# usb streaming from Sony handycam to PC



## simong (Mar 8, 2005)

Hi,
I am sure I am not the first person to be faced with this problem but so far my search for help has been fruitless. I am recording video using a Sony handycam and I want the video to be read by software that only reads via the Apple Quicktime viewer. I have tried downloading the digital video using the usb link provided with the Sony handycam and hit the following problems:
If I download a short section of film say about two minutes it works fine but if I try to download longer sections then Quicktime only reproduces the sound, i.e. no picture. The resulting files are huge 1.5-2 Gb for just ten minutes of video - the size is a problem too but I guess with files that size the video image is downloaded, why can't I see it?

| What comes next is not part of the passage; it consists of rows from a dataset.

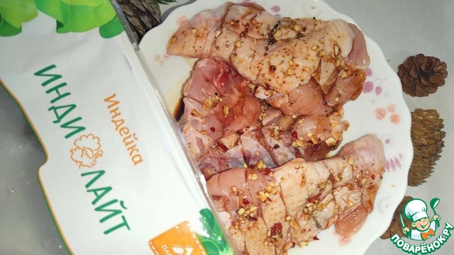Вся фишка в соусе - именно он позволяет сотворить чудеса с Рождественской индейкой! Гвоздь этого блюда - варенье из сосновых шишек. После жарки остается самые легкие хвойные нотки, не забивающий основной вкус блюда. Компания ИндиЛайт облегчает всю подготовительную работу хозяюшкам, предоставив большой выбор продукции - крылья, мякоть грудки или бедра - кто что больше любит. Я предпочитаю крылышки на сковороде-гриль.
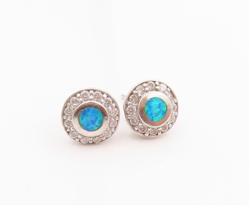 925 Sterling Silver Vintage Earrings Round Fire Opal & Halo CZ Studs EG13702
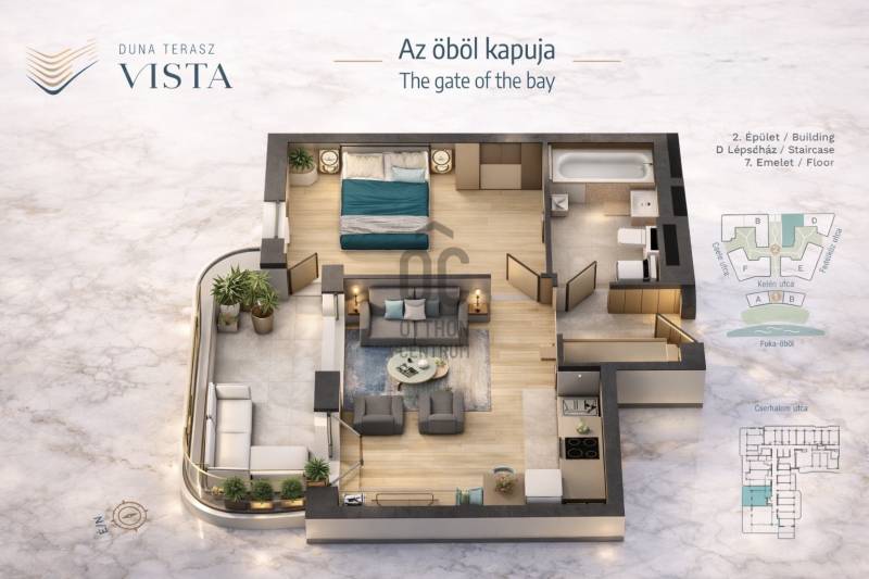 Tervezett átadás: 2026. november-decemberA 2026-ban átadásra kerülő Duna Terasz Vista C épületében eladó egy 7. emeleti kétszobás új építésű lakás, dunai részpanorámával.ÖBÖL-PARTI SÁVA Duna Terasz Vista lábánál húzódó öböl-parti terület - átadás után - pihenőpadokkal megszakított lépcsős, füves rézsűvé és part menti sétánnyá alakul, melyről akadálytalanul élvezhető lesz az utánozhatatlan szépségű táj és a hajókikötő egyedülálló atmoszférája.ENERGIAHATÉKONYSÁGA levegő-víz hőszivattyúval kombinált mennyezeti hűtő és fűtő rendszer energiatakarékos működés mellett kiváló hőérzetet is biztosít az AA energiahatékonyságú otthonokban. A kétszintes mélygarázsban e-töltő előkészítésű parkolóhelyek is elérhetőek, ezzel segítve a zöld autózás élményét.DUNA TERASZ VISTA LOKÁCIÓA Foka-öböl mélykék, csillámló víztükre, a mindent körbeölelő természet friss illata, a Duna-parti sétány andalgásra csábító térkövei és a lélegzetelállító naplementék megélése Budapest egyik legjobban őrzött titkai közé tartozik. Pár percre a Váci úti irodafolyosótól és a belváros lüktetésétől megszűnik a rohanás és egy nyugodt, csendes, elegáns lakóövezetbe érkezhetünk haza.A Duna Terasz Vista a Cserhalom utca, Csele utca, Fedélköz utca és a Foka-öböl által határolt területre épül, a Duna Terasz Grande és a folyómenti kalandok közvetlen szomszédságába.XIII. MARINA PART - ahol a Duna-parti életérzés találkozik a belváros közelségévelA budapesti Duna-part egyik legexkluzívabb lakóövezete a XIII. kerületben található Marina part, ahol a természet közelsége és a modern nagyvárosi élet tökéletes harmóniában él együtt. A vízparti panoráma, a rendezett, parkosított környezet és a magas színvonalú építészeti megoldások egyedülálló életteret teremtenek azok számára, akik nem szeretnének kompromisszumot kötni a kényelem és az elhelyezkedés terén.Kiváló elhelyezkedés – percek alatt a belvárosbanA Marina part mindössze:10–15 perc autóval a belvárostól15–20 perc tömegközlekedéssel (M3 metró, villamos, busz)20–25 perc kerékpárral a Parlament vagy a Nyugati tér környékéreA közelben található a Váci út irodafolyosó, a Duna Plaza, valamint számos étterem, kávézó és bevásárlási lehetőség.Várom hívását, keressen bizalommal.

The downloading terminates itself after about ten minutes - this is a problem too! The films I am working with can be up to 90 minutes duration so the resulting files, if I could download the whole film would be huge - is there anyway of reducing the size of file.
Can anyone direct me to some help, please?
Thanks,
Simon


----------



## johnwill (Sep 26, 2002)

I'm not sure why downloading larger segments would lose the sound, I haven't seen that.

I can probably explain why you can't download more than 2 gigs, my guess is you're using a FAT32 partition. The maximum file size is 2 gigs on a FAT32 partition, and many video applications will just stop when they can't continue. I had the same problem with a videocam several years ago, never thought about it before. :laugh:


----------